A = np.array([1,3,6])
B = np.array([2,4,6])
S = np.zeros((3,3))

for i,x in enumerate(A):
    for j,y in enumerate(B):
        S[i,j] = abs(x-y)

Giving:

[[ 1.  3.  5.]
 [ 1.  1.  3.]
 [ 4.  2.  0.]]

It would be nice to have a construction that looks something like:

def build_matrix(shape, input_function, *args)

where I can pass an input function with it's arguments and retain the speed advantage of numpy.

Answer 1

In addition to what @JoshAdel has suggested, you can also use the outer method of any numpy ufunc to do the broadcasting in the case of two arrays.

In this case, you just want np.subtract.outer(A, B) (Or, rather, the absolute value of it).

While either one is fairly readable for this example, in some cases broadcasting is more useful, while in others using ufunc methods is cleaner.

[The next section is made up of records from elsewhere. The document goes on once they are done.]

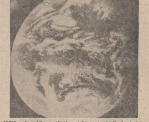
23,000 mylių aukštumon iškeltas satelitas nutraukė šią Žemės fotografiją ir persijuntė į Roseman, N. C., technologijos centrą. Paveikslas linais Pacifiko, prie ekvatoriaus. Matosi beveik visas Žemės rutulys. Kairėje paveiklo pusėje matosi saulės nušviesto vietos, o dešinėje diena jau eina į vakarą. Tai pirmoji tokia Žemės fotografija.

HOLLYWOODAS. — Policija suėmė 16 asmenų, kurie protestavo prieš miesto valdybos uždraudimą jaunuoliams vakarais rinktis Sunset Boulevard rajone.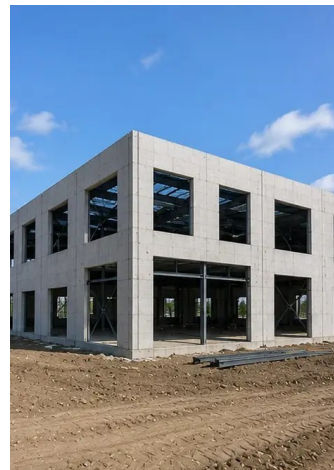
Foto nº10. Construção da cobertura concluída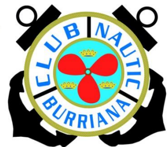
CLUB NÁUTICO BURRIANA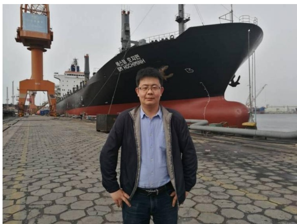
图 4-7 许龙

辛永刚，男，电气 2007 级学生，2010 年毕业生，现在上海同臣环保有限公司工作，电气工程师，目前主要从事环保行业，脱水车间压滤设备的电控设计；对所在公司承接的市政污水处理厂脱水车间的压滤系统进行自动化程序的编写及其触摸屏画面的组态；负责解决公司售后人员现场调试过程中遇到的技术问题；对公司新研发产品，进行电气部分的设计和测试，配合公司技术部门新技术的引进和转化。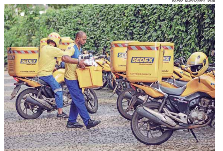
Unidade de distribuição dos Correios em Brasília

cia nacional, poderá ser feito em até 306 localidades espalhadas em todos os estados e o Distrito Federal, com as provas previstas para 15 de dezembro.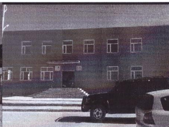
“АЗД авто гражын барилга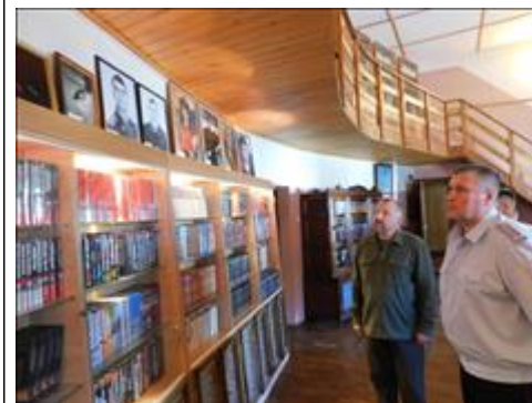
Круглый стол "Презентация модели сети кабинетов профилактики и мотивации" Начальник ОМВД России по г. Обнинску Сергей Воронежский на экскурсии по центру, перед началом "круглого стола"

Электронные версии материалов (бюллетеней, брошюр, буклетов, газет, докладов, журналов, книг, презентаций, сборников и иных), созданных с использованием гранта в отчетном периоде (при условии, что такие материалы не содержатся в материалах, указанных в подпункте 5 настоящего пункта)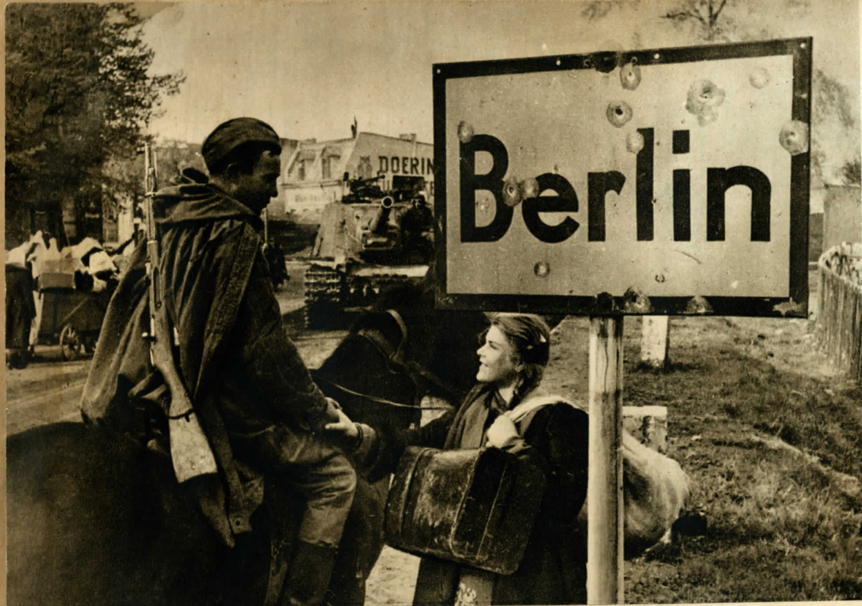
BERLIN FELÉ. EGY FIATAL OROSZ LEÁNY, AKIT A VÖRÖS HADSEREG ELŐNYOMULÁSA MENTETT KI A NÉMET RABSZOLGASÁGBÓL. KÖSZÖNETET MOND EGYIK MEGSZABADÍTÓJÁNAK.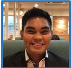
ジェリー (フィリピン)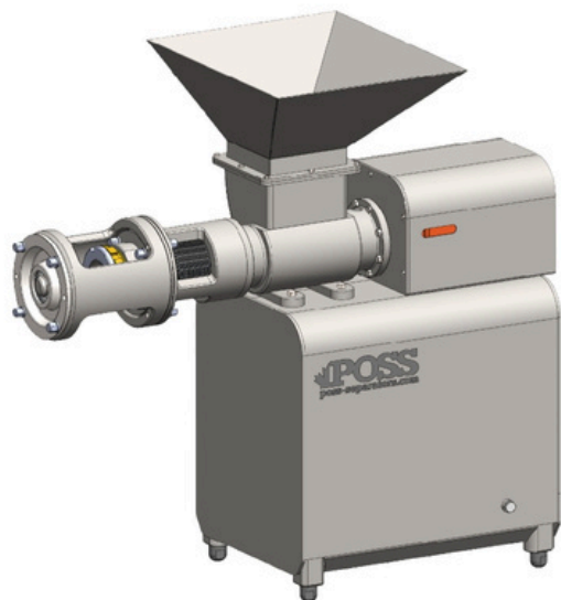
Separador ProMax 1000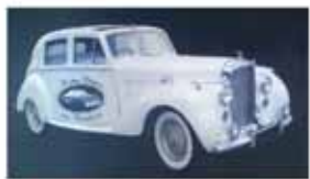
Coches Clásicos con Conductor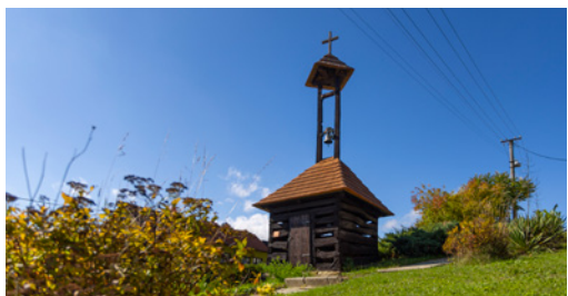
↑ ZVONIČKA. Drobnou roubenou zvoničku najdete v západní části návsi.

Při návštěvě Doubrav se zajděte podívat k domu číslo 21, který se nachází asi pět minut chůze z centra obce, a to po levé straně cesty směrem na Zlín. U usedlosti stojí komora, která je kulturní památkou České republiky. Nenápad-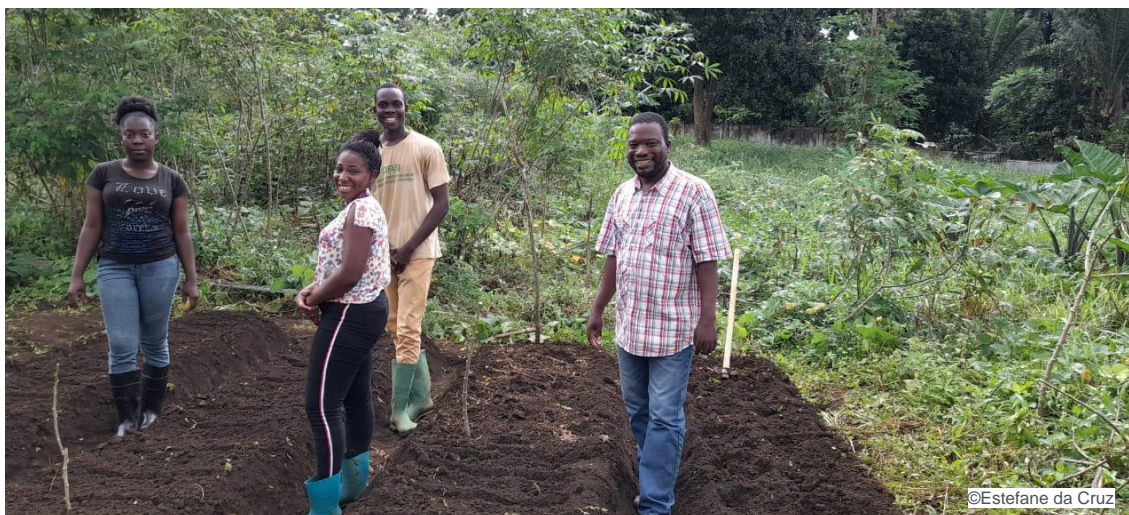
Figura 1 - Capacitação do CCAFS em novembro de 2021, São Tomé e Príncipe

O presente relatório sintetiza os resultados do estudo sobre o Estado da Arte da Agroecologia na Comunidade dos Países de Língua Portuguesa (CPLP), realizado no âmbito deste programa.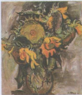
Володимир Патик. Соняшники. 1988

Національний характер балади виявляється на рівні поетичного мислення та образів. Зокрема,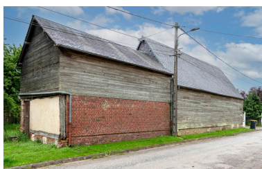
Bâtiments agricoles essentés en clins de bois, n°5 rue de Doméliers, vue depuis le nord-est. IVR32_20216000849NUCA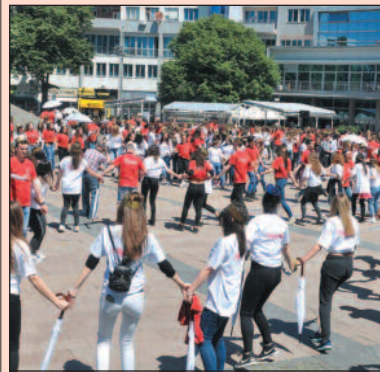
И ове године „Моравац“ на крају

Данас (18. маја), тачно у подне, око 900 из девет краљевачких средњих школа, са Трговице, из Краљева, Крајинице, Ратника послаће најлепшу слику разиграног свет, али и поруку мира и пријатељства.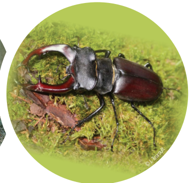
Le lucane cerf-volant mâle est le plus grand insecte d'Europe présent en forêt de Crécy.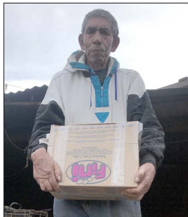
ELLOS AGRADECEN. - Para ayudar en este voluntariado, lo que se necesita es tener un corazón sensible y una mente abierta.

- En el último periodo y por motivo de pandemia van entregadas más de 500 cajas de alimentos, kit de útiles de aseo y vestuario. A futuro el objetivo es trabajar con la comunidad en situación de vulnerabilidad y asesorar a jóvenes de manera profesional, potenciando sus habilidades individuales e integrándolas socio laboralmente. Toda esta mercadería nos llega por donación de per-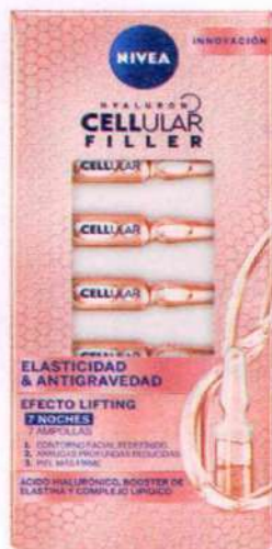
Hyaluron Cellular Filler. Nivea, 13,99€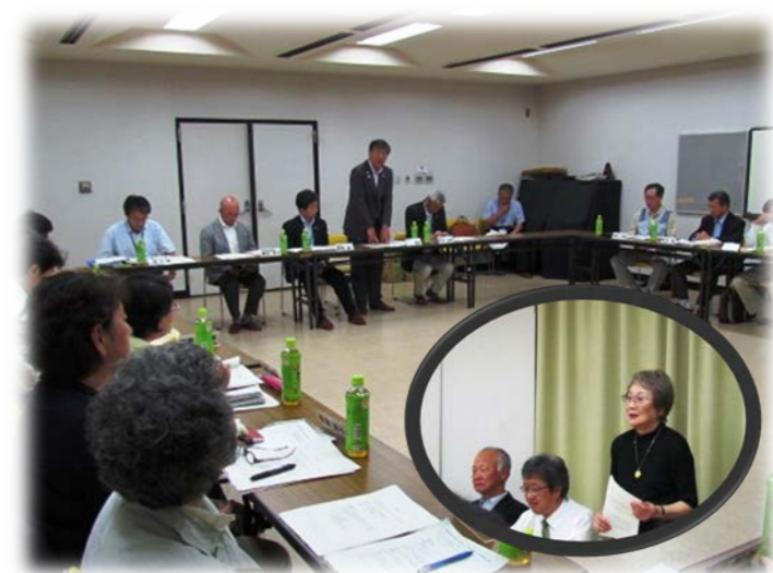
市長を囲み活発な意見交換

片瀬・江の島まちづくり協議会(片瀬地区郷土づくり推進会議の通称。以下、「協議会」といいます。)では、今後の活動を進めていくうえで、片瀬・江の島地域の課題を中心に市の考え方や方向性を改めて確認するため、5月25日(月)に協議会委員と市長等市理事者との意見交換の場を設け、協議会委員21人、鈴木市長、石井副市長、藤間副市長、渡辺市民自治部長が同席する中、約1時間に渡り中身の濃い意見交換を行いましたので、ご報告いたします。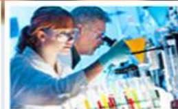
Laboratorní informační systémy POWERLIS/SSB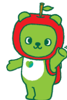
長野県PRキャラクター『アルクマ』 ©長野県アルクマ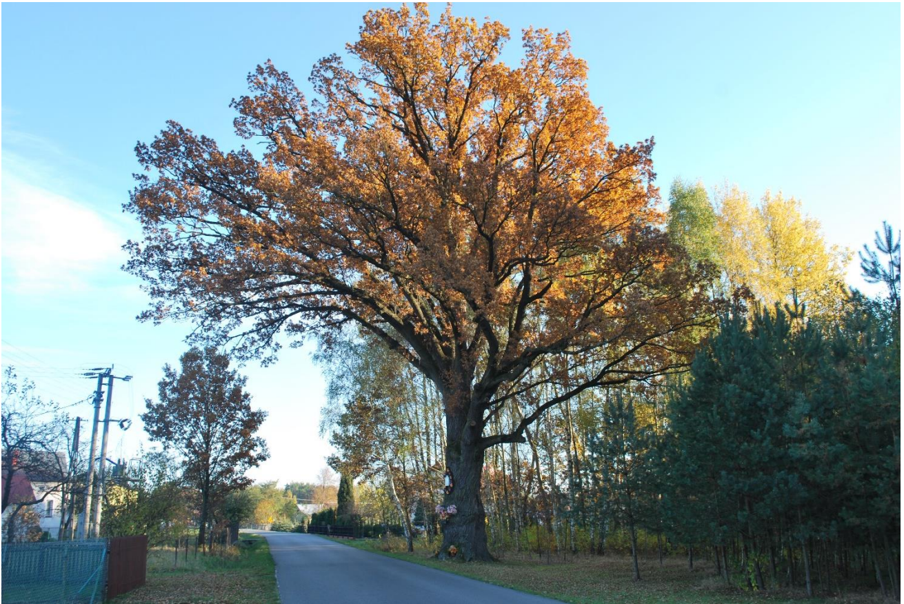
Fot. 2 Pomnik przyrody gat. dąb szypułkowy jesienią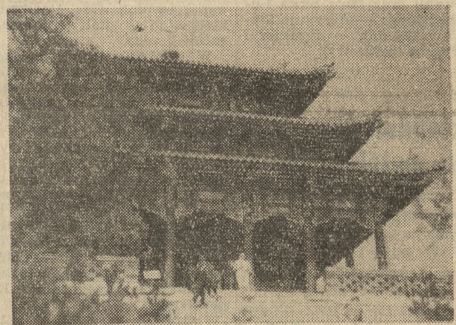
Cesarski ogród w Pekinie. Pagoda „Wiecznej wiosny” w parku „5-ciu pagód”.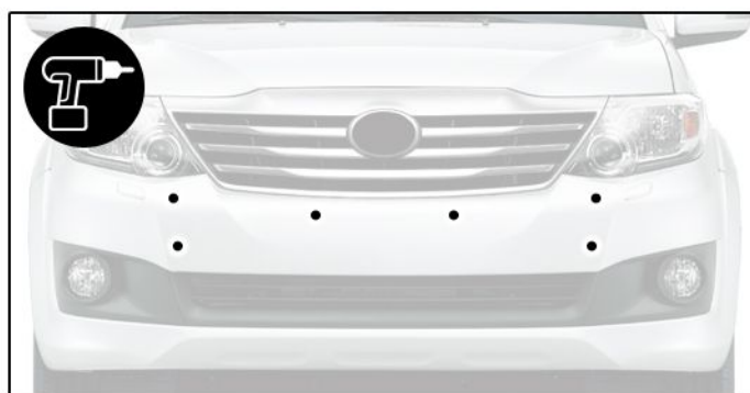
E) Depois de posicionar o overbumper, fazer a furação conforme locais marcados com tinta na etapa anterior.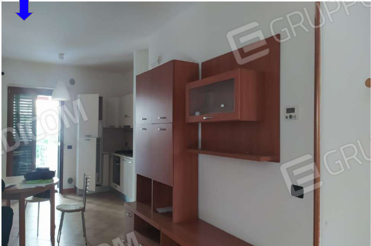
Foto 5 - Vista interna - Particolare finiture interne ed impianti.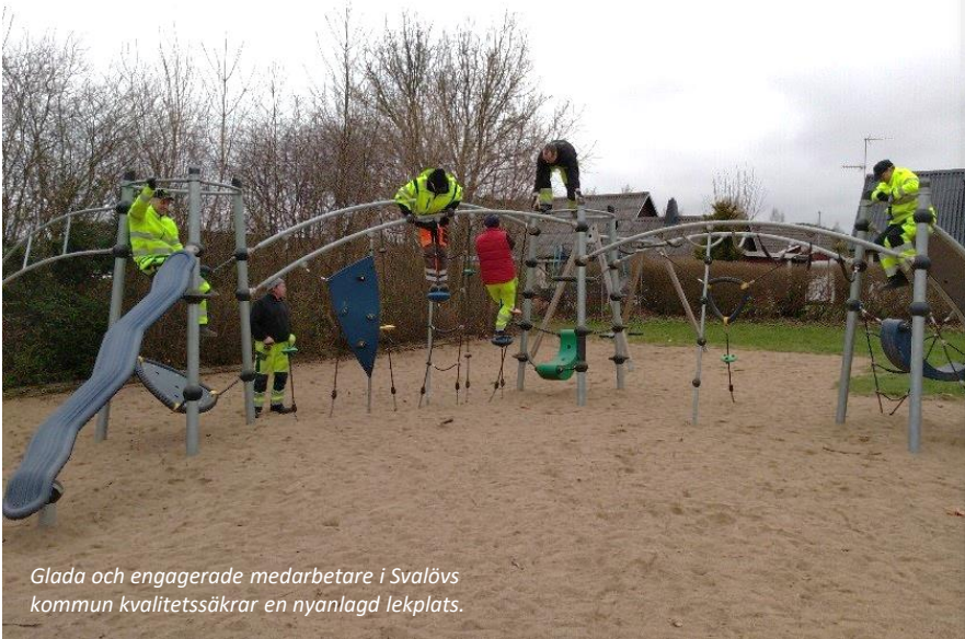
Glada och engagerade medarbetare i Svalövs kommun kvalitetssäkrar en nyanlagd lekplats.

När en felanmälan kommer in skapas en arbetsorder som sedan skickas ut till entreprenörerna. När felet är åtgärdat, återkopplar kommunen till medborgarna för att hålla igång en god dialog och en ökad känsla av närhet och trygghet.

Either way, it's useful to know both tricks.

Eg

import numpy as np

A = np.array([1,3,6])
B = np.array([2,4,6])

diff = np.subtract.outer(A, B)
result = np.abs(diff)

Basically, you can use outer , accumulate , reduce , and reduceat with any numpy ufunc such as subtract , multiply , divide , or even things like logical_and , etc.

For example, np.cumsum is equivalent to np.add.accumulate . This means you could implement something like a cumdiv by np.divide.accumulate if you even needed to.

Answer 2

I recommend taking a look into numpy's broadcasting capabilities:

In [6]: np.abs(A[:,np.newaxis] - B)
Out[6]: 
array([[1, 3, 5],
       [1, 1, 3],
       [4, 2, 0]])

http://docs.scipy.org/doc/numpy/user/basics.broadcasting.html

Then you could simply write your function as:

In [7]: def build_matrix(func,args):
   ...:     return func(*args)
   ...: 

In [8]: def f1(A,B):
   ...:     return np.abs(A[:,np.newaxis] - B)
   ...: 

In [9]: build_matrix(f1,(A,B))
Out[9]: 
array([[1, 3, 5],
       [1, 1, 3],
       [4, 2, 0]])

This should also be considerably faster than your solution for larger arrays.